Thomas Bentler

„Wenn die Pampers zum Helm wird“

 

Familie. Irgendwann trifft es jeden. Den Cristiano-Ronaldo-Gedächtnis-Trickser auf dem Bolzplatz, den harten rauen Typen von nebenan, der nie friert und sein Fleisch lieber mit einer Motorsäge schneidet als ein Menümesser zu benutzen.

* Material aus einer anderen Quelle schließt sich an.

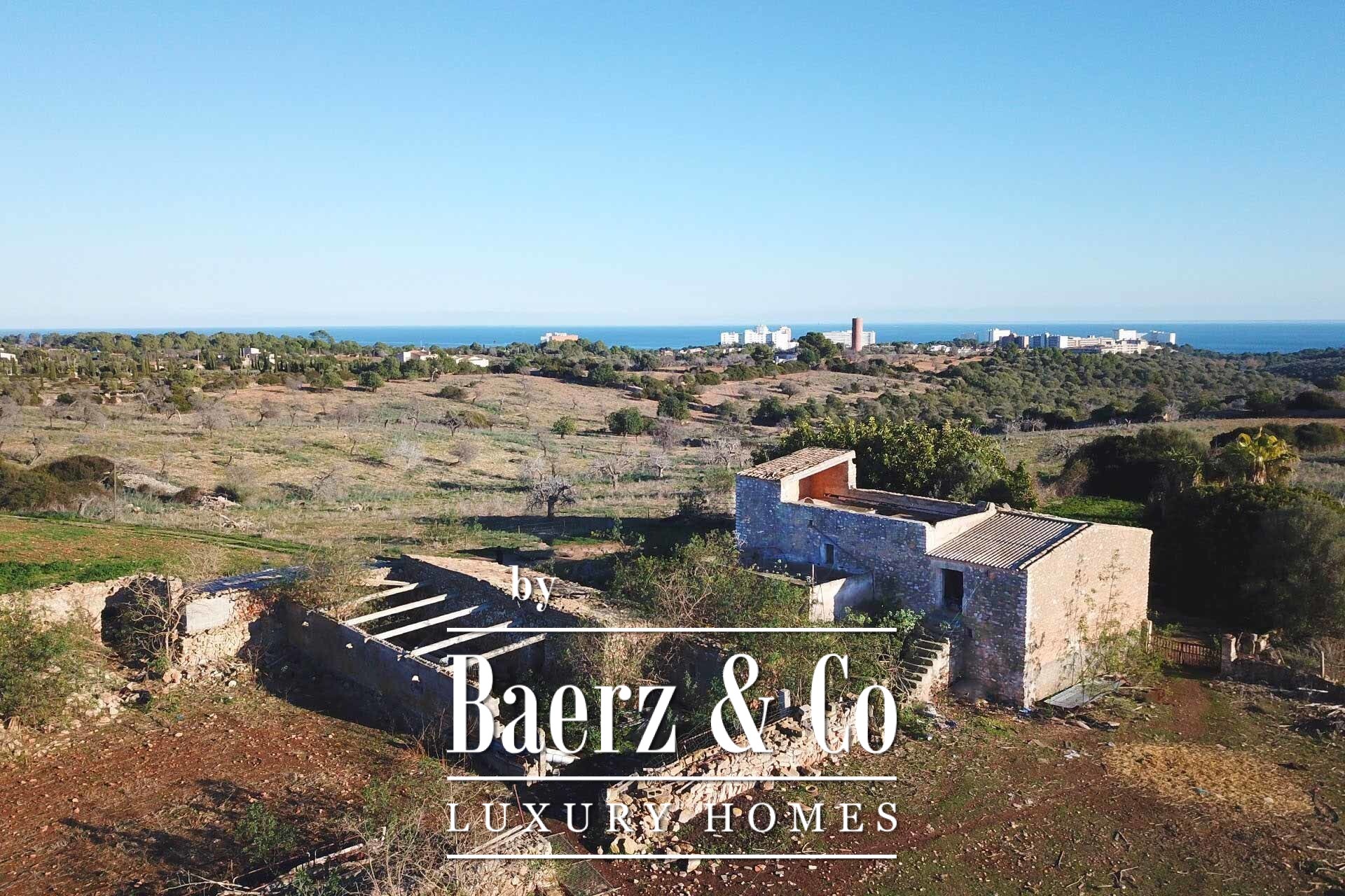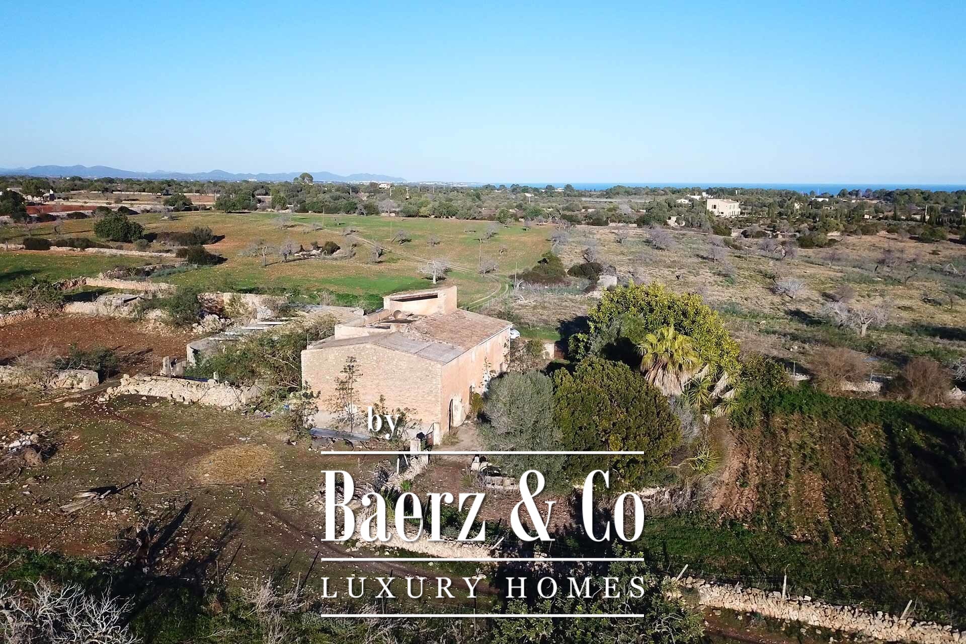 This finca to be reformed is located in a quiet area between Porto Cristo and Cala Murada, a few minutes drive from the small unspoiled beaches of Cala Varques, Cala Virgili and Cala Magraner. The plot of approximately 54.500 sqm with partial sea views has various buildings, the main one with 362 sqm distributed in two floors.

Irgendwann erkennt jeder die Vorzüge eines ruhigen Familienlebens.

„Wenn die Pampers zum Helm wird“ erzählt nicht, wie es dazu kommt, dass die Rambos und Mel Gibsons dieser Welt sich verändern, es berichtet von den Momenten danach, wenn aus den Männern, die früher sechs Träger Bier gekauft hätten, nur weil es den siebten Träger gratis dazu gab, Menschen werden, die sich im Supermarkt plötzlich mit physikalisch hochkomplexen Dingen auseinandersetzen, wie etwa Windel- oder Trinksaugergrößen.

 

Manchmal wundere ich mich schon, wie ein kleiner Mensch so stinken kann, darüber hinaus kann Kinderkacke tatsächlich den ganzen Rücken füllen und vereinzelt sogar bis zum Hals reichen. Aber er macht das ja nicht extra. Es ist nun mal Fakt: Alles, was keine Miete zahlt, muss raus und anschließend entsorgt werden, auch wenn das Prozedere nicht immer angenehm ist.